### Data excerpt
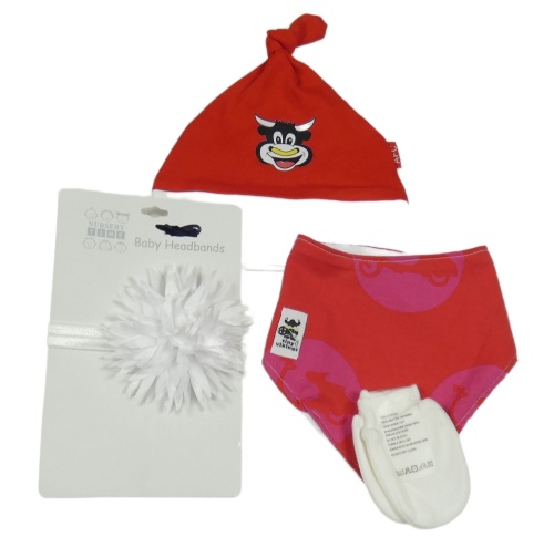 • 4set - Červená bavlněná čepice s býkem + slinták se skútry + smetanové rukavičky + bílá čelenka s květinou
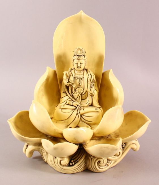 A CHINESE BLANC DE CHINE FIGURE OF GUANYIN & LOTUS, the body with a yellow hue, the verso with a mark, 33cm high x 29cm wide.
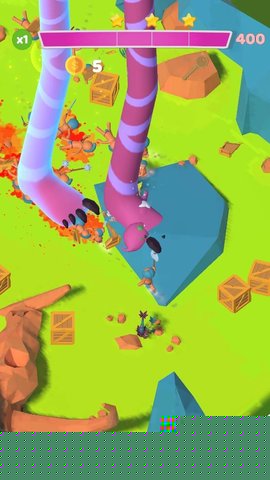 通过手指在屏幕滑动,控制巨型脚掌移动与踩踏。
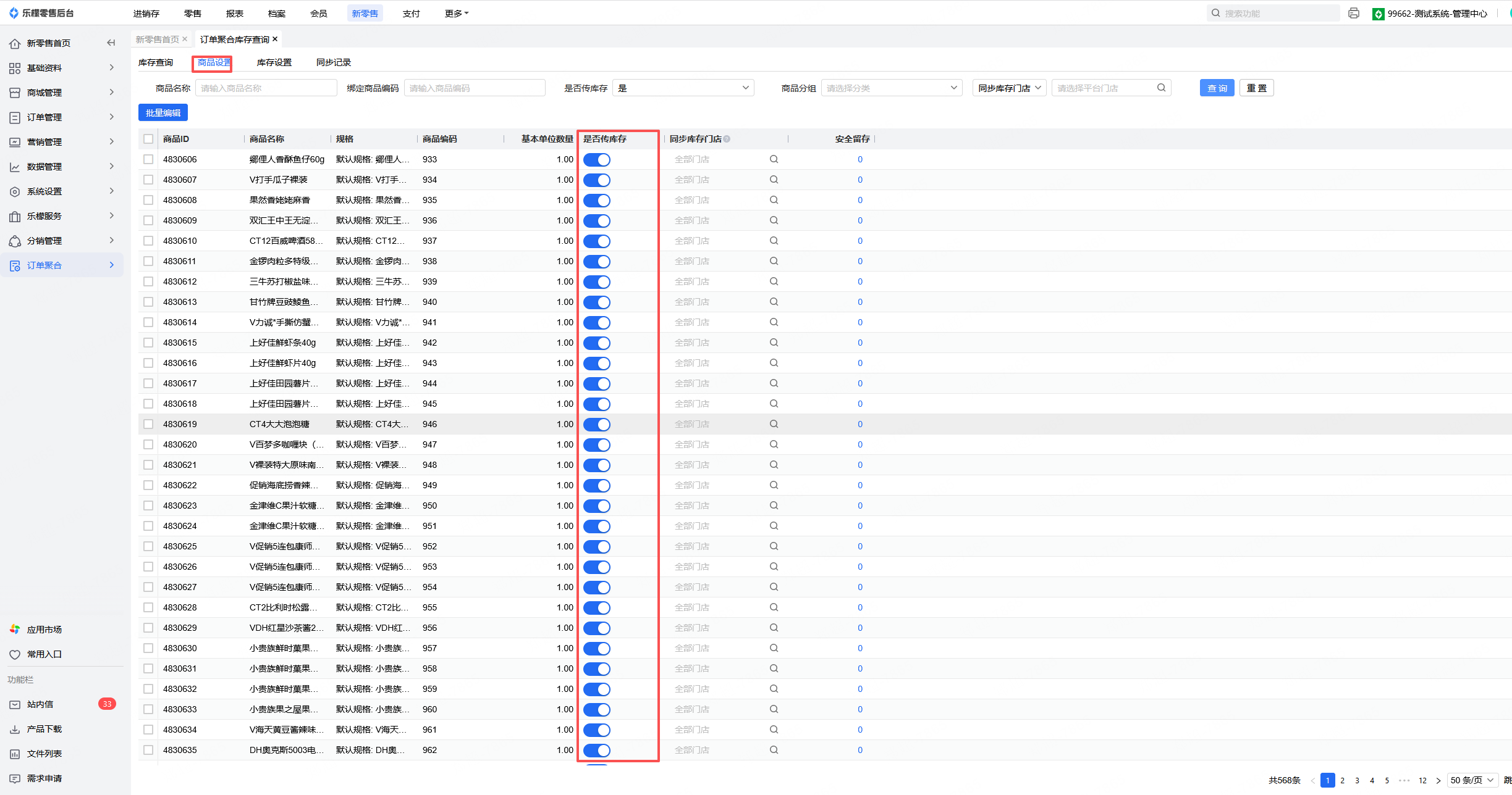 👉【操作路径】:新零售-订单聚合-订单聚合库存查询-库存设置

### What is expected
Where a picture appears, omit it, and otherwise retype the material exactly.

### Task solution
 • 4set - Červená bavlněná čepice s býkem + slinták se skútry + smetanové rukavičky + bílá čelenka s květinou
 A CHINESE BLANC DE CHINE FIGURE OF GUANYIN & LOTUS, the body with a yellow hue, the verso with a mark, 33cm high x 29cm wide.
 通过手指在屏幕滑动,控制巨型脚掌移动与踩踏。
 👉【操作路径】:新零售-订单聚合-订单聚合库存查询-库存设置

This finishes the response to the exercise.